Wow. That isn't normally distributed at all: it's super *[skewed](https://en.wikipedia.org/wiki/Skewness)*.

In [None]:
skew(train['loss'])

Any skew greater than one should probably catch your attention. Luckily, we have a simple counterspell! Let's *log-transform* the 'loss' variable.

In [None]:
train['log_loss'] = np.log(train['loss'])

plt.hist(train['log_loss'], 30, normed=1)
plt.xlabel('Log(Loss)')
plt.ylabel('Probability')
plt.title('Distribution of Log(Loss)es')
plt.show()

Much Better. Now, what about our input variables? Are they similarly skewed?

In [None]:
features_numeric = test.dtypes[test.dtypes != "object"].index
features_skewed = train[features_numeric].apply(lambda x: skew(x.dropna()))
features_skewed

Some of them, yeah. We can fix that by taking their log-transforms as well, but log is sort of a blunt instrument. It's easily reversible, which makes it good for the outcome. But the Box-Cox transform is a better tool for modifying our inputs. Let's apply it to any features with a skew greater than, say, .2

In [None]:
features_skewed = features_skewed[features_skewed > 0.2]
for feat in features_skewed.index:
    train[feat], lam = boxcox(train[feat] + 1)
    test[feat] = boxcox(test[feat] + 1, lam)

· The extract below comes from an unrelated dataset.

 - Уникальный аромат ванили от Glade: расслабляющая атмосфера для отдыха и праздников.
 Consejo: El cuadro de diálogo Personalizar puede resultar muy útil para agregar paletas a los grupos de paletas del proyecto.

features_skewed = train[features_numeric].apply(lambda x: skew(x.dropna()))
features_skewed

That eliminated much of the skewness. Before we move on, however, I'd like to call attention to the way we handle `lam` in the above block. We let `boxcox` figure out the optimal `lam` using our training data, and then force it to use that same `lam` on the test data, even if it isn't necessarily optimal for the test data. The alternative approach is to bind `train` and `test` together, perform these transformations on the entire set, and then split them back apart when it comes time to build models. I've opted not to for the benefit of clarity, but possibly at the cost of some small modeling advantage.

Now, we have some categorical features we need to handle. The textbook approach to Linear Regression says you can leave categorical variables in, provided you do something like *[one-hot encode](https://en.wikipedia.org/wiki/One-hot)* them and leave out the smallest category. Personally, I prefer to replace the category with the arithmetic mean of its corresponding subset of outcomes.

In [None]:
features_categorical = [feat for feat in test.columns if 'cat' in feat]

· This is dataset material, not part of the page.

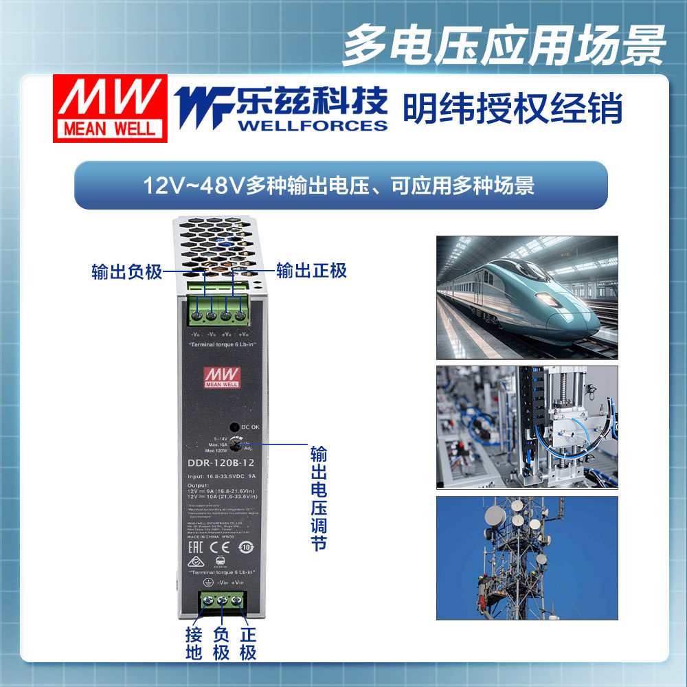 明纬120W导轨电源DDR 12V 120 24V 48V DC铁路ITE安规由

for feat in features_categorical:
    a = pd.DataFrame(train['log_loss'].groupby([train[feat]]).mean())
    a[feat] = a.index
    train[feat] = pd.merge(left=train, right=a, how='left', on=feat)['log_loss_y']
    test[feat] = pd.merge(left=test, right=a, how='left', on=feat)['log_loss']

features_categorical = test.dtypes[test.dtypes == "object"].index

There's just one more thing to check on. Linear Regression generally doesn't handle missing values very well. Let's see if we have any:

In [None]:
counts = train.count()
len(counts[counts < train.shape[0]])

Not in the training dataset. Let's check `test` now:

In [None]:
counts = test.count()
len(counts[counts < test.shape[0]])

Rats. OK, Rather than design a elaborate solution, I'm just going to drop any columns with missing values.

In [None]:
temp = test.dropna(1)
counts = temp.count()
len(counts[counts < temp.shape[0]])

Cool. Now, we're ready to make a model. 

In [None]:
model = smf.ols('log_loss ~ ' + ' + '.join(temp.columns), data=train).fit()
model.summary()

There's a lot of useful information here. However, since this is a prediction challenge, I'm not interested in most of it. Instead, I'm interested in how well it can predict new values. To do that...

In [None]:
yhat = np.exp(model.predict(test))

Note that we call `np.exp` on our model predictions. Remember how we log-transformed 'loss' up at the beginning of this script? Exponentiating the outcome sort of undoes that, so our predictions will be on the same scale as 'loss' instead of 'log_loss'. Forgetting this step is a really good way to get a terrible score.

Now that we have some predictions, let's write them out and score them!

In [None]:
result = pd.DataFrame({'id': test['id'].values, 'loss': yhat})
result = result.set_index('id')
result.to_csv('simplelmprediction.csv', index=True, index_label='id')

If you submit that, it should give you a score something like 1245.99. That's a bit worse than the Random Forest Benchmark (which isn't surprising). Onward to greater refinements!

Good luck!